Appropriation: None.
Fiscal Note: Available.
Effective Date: The bill takes effect 90 days after adjournment of the session in which the bill is passed.
Staff Summary of Public Testimony (Health Care & Wellness):
(In support) Inadequate nurse staffing can cost patient lives through inadequate care and medical errors. Safe working conditions are linked to better patient care and lower costs. Nurse staffing committees, nurse staffing plans, and collective bargaining have not led to measurable changes in how staffing is developed. Nurses have experienced frustration with nurse staffing committees, which have not be sustained over time. Implementation of nurse staffing plans is inconsistent. Nurse staffing plans must be implemented. Hospitals are often administered by entities in other states, who make decisions on patient care remotely. A statewide regulatory plan is necessary. The current law does not have enough teeth. Nurse staffing ratios have worked in California. This bill is good for patients, nurses, and hospitals.
(Opposed) Hospitals are committed to patient safety and have worked with nurses to find a collaborative solution through the nurse staffing committees. Washington is not like California. Washington is a frontrunner in patient safety. A one-size-fits-all solution will not work for hospitals. For example, small hospitals in rural communities face different challenges than large hospitals in urban communities. Hospitals must use providers at the top of their licenses and must balance staff satisfaction in order to retain staff. This bill will limit a hospital's ability to provide nimble solutions to complicated problems. Minimum staffing ratios may cause hospitals to turn patients away. To improve patient care, a full complement of staff is necessary, not just minimum staff ratios.

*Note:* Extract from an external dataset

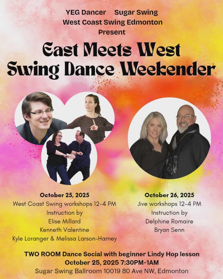 In between, we’ll have a stunning super social on Saturday night with WCS and Ballroom on the second floor, and sugar swing on the first floor!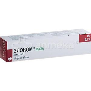 ЭЛОКОМ, мазь Действующее вещество - мометазона фуроат (mometasone) Состав и форма выпуска препарата Мазь для наружного применения однородная, белого цвета . Вспомогательные вещества: парафин мягкий белый - 94 .9 г, воск пчелиный белый - 4 г, пропиленгликоля моностеарат - 1 г . 10 г - тубы (1) - пачки картонные . 15 г - тубы (1) - пачки картонные .

Staff Summary of Public Testimony (Appropriations):
(In support) This legislation is critical for patient safety. The estimated number of complaints described in the fiscal note is far greater than the actual experience in Washington, and the fiscal impacts regarding the complaints will be negligible. This bill is a reasonable compromise; it is a small step towards patient safety. To date, there have only been six complaints regarding how nurses are staffed.
(Opposed) None.
(Other) The language in the bill is workable, and further discussions would be helpful. It is not clear which elements of nursing plans are subject to the complaints process. Additional clarity on that point is needed.
Persons Testifying (Health Care & Wellness): (In support) Cindy Clark, Service Employees International Union Healthcare 1199NW; Daniel O'Tool and Ann Tan Piazza, Washington State Nursing Association; Jeanette Moore, United Food and Commercial Workers; and Chris Barton, Service Employees International Union Nurse Alliance.
(Opposed) Lisa Thatcher, Washington State Hospital Association; Melissa Strong, Mason General Hospital; and Alison Bradywood, Virginia Mason Hospital.
Persons Testifying (Appropriations): (In support) Lindsay Grad, Service Employees International Union Healthcare 1199 Northwest; and Melissa Johnson, Washington State Nurses Association.
(Other) Lisa Thatcher, Washington State Hospital Association.
Persons Signed In To Testify But Not Testifying (Health Care & Wellness): None.
Persons Signed In To Testify But Not Testifying (Appropriations): None.